*** Opening of Data supplied ***

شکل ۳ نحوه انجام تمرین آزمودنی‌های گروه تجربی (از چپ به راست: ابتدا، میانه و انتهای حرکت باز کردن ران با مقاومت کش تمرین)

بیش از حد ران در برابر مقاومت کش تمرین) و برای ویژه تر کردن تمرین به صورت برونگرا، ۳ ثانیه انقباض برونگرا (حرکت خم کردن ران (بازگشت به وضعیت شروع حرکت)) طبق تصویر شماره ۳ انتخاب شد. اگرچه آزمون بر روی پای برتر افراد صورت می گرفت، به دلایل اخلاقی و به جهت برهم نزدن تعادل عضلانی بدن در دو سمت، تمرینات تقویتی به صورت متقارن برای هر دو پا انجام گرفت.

*** Close of Data supplied ***
*** Opening of Data supplied ***

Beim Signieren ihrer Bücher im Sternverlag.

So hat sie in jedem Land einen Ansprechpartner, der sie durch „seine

*** Close of Data supplied ***

Take the lines above from the one containing "شکل ۳ نحوه انجام" down to the one containing "بیش از حد ران", and transcribe them exactly, both ends included.

شکل ۳ نحوه انجام تمرین آزمودنی‌های گروه تجربی (از چپ به راست: ابتدا، میانه و انتهای حرکت باز کردن ران با مقاومت کش تمرین)

بیش از حد ران در برابر مقاومت کش تمرین) و برای ویژه تر کردن تمرین به صورت برونگرا، ۳ ثانیه انقباض برونگرا (حرکت خم کردن ران (بازگشت به وضعیت شروع حرکت)) طبق تصویر شماره ۳ انتخاب شد. اگرچه آزمون بر روی پای برتر افراد صورت می گرفت، به دلایل اخلاقی و به جهت برهم نزدن تعادل عضلانی بدن در دو سمت، تمرینات تقویتی به صورت متقارن برای هر دو پا انجام گرفت.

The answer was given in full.